Researchers unravel the secret to making cheap, high-density data storage
October 11, 2012
Researchers from A*STAR’s Institute of Materials Research and Engineering (IMRE) and the National University of Singapore (NUS) have discovered that an ultra-smooth surface is the key factor for “self-assembly” — a cheap, high-volume, high-density patterning technique for data storage.
This technique allows manufacturers to use the method for data storage on a variety of different surfaces. This discovery paves the way for the development of next-generation data storage devices, with capacities of up to 10 Terabits per square inch, which could lead to significantly greater storage on much smaller data devices.
The “self-assembly” technique is one of the simplest and cheapest high-volume methods for creating uniform, densely-packed nanostructures that could potentially help store data.
Self-assembly is one of the leading candidates for large scale nanofabrication at very high pattern densities.
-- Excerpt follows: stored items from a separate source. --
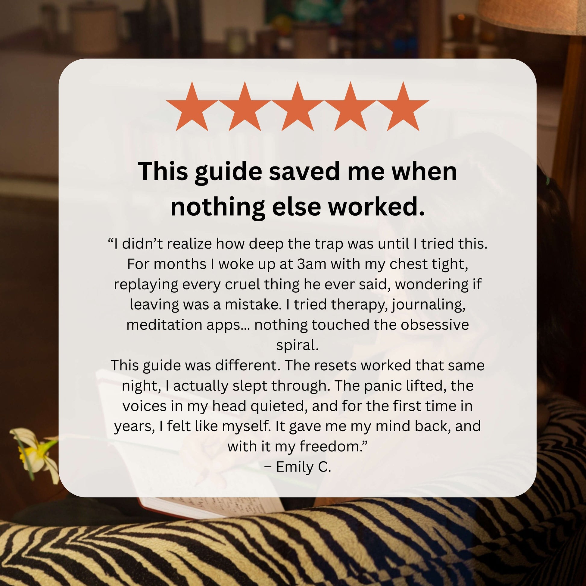 "Even after blocking him, I couldn’t stop thinking “what if?” at night. The daily exercises calmed me down and helped me sleep without the panic attacks. I wake up lighter instead of dreading the day."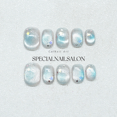 【星海影梦】纯手工穿戴甲晕染细闪冰透蓝星星猫眼高级感显白美甲
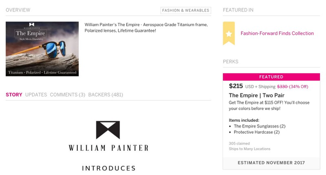 秘密优惠是Indiegogo上的一项福利,只有点击了专门的链接才能看到,这意味着在Indiegogo公开页面上不会出现秘密优惠。下面是帝国众筹项目在Indiegogo上给公众看的页面。

One of its most obvious applications will be in the field of bit-patterned media for the hard disk industry.
It is widely used in research and is gaining acceptance in industry as a practical lithographic tool for sub-100 nm, low-cost, large area patterning. However, attempts to employ self-assembly on different surface types, such as magnetic media used for data storage, have shown varying and erratic results to date. This phenomenon has continued to puzzle industry researchers and scientists globally.
Researchers from A*STAR’s IMRE and NUS have now solved this mystery and identified that the smoother the surface, the more efficient the self-assembly of nanostructures will be. This breakthrough allows the method to be used on more surfaces and reduce the number of defects in an industrial setting. The more densely packed the structures are in a given area, the higher the amount of data that can be stored.
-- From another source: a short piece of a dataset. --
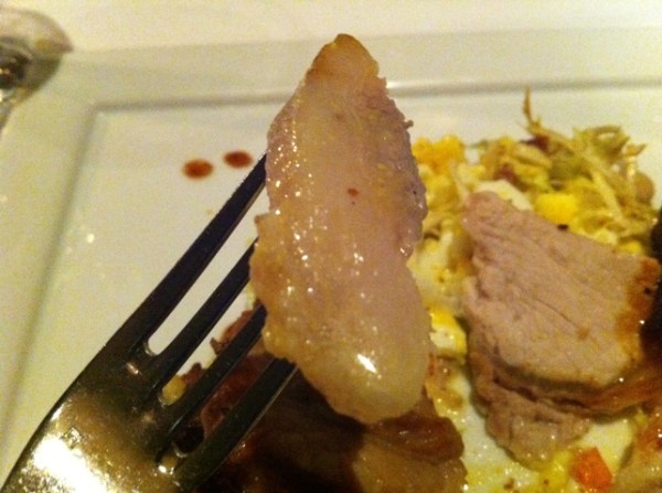 We then sampled the lobster bolognese, and at this point I was beginning to notice something in common with the other dishes: a sour theme! The lobster bolognese had a very sour attack when you bit into it, which I couldn’t quite understand. After the initial sour blast came a heartiness lent by the spaghetti and rich lobster.

The team discovered that a height of 5 angstroms (the width of about 5 atoms) RMS (root mean square) roughness was the maximum surface roughness allowed for successful self-assembly of dots, which could eventually be used in making high-density data storage.
“If we want large scale, large area nanopatterning using very affordable self-assembly, the surface needs to be extremely smooth so that we can achieve efficient, successful self-assembly with lower incidences of defects.”
The discovery was recently published in Scientific Reports, an open access journal from Nature.
This research is supported by the National Research Foundation Singapore under its “Frontier in magnetic recording research: Vision for 10 terabits per square inch” programme (NRF-CRP 002-097 NRF-08) and administered by A*STAR’s IMRE.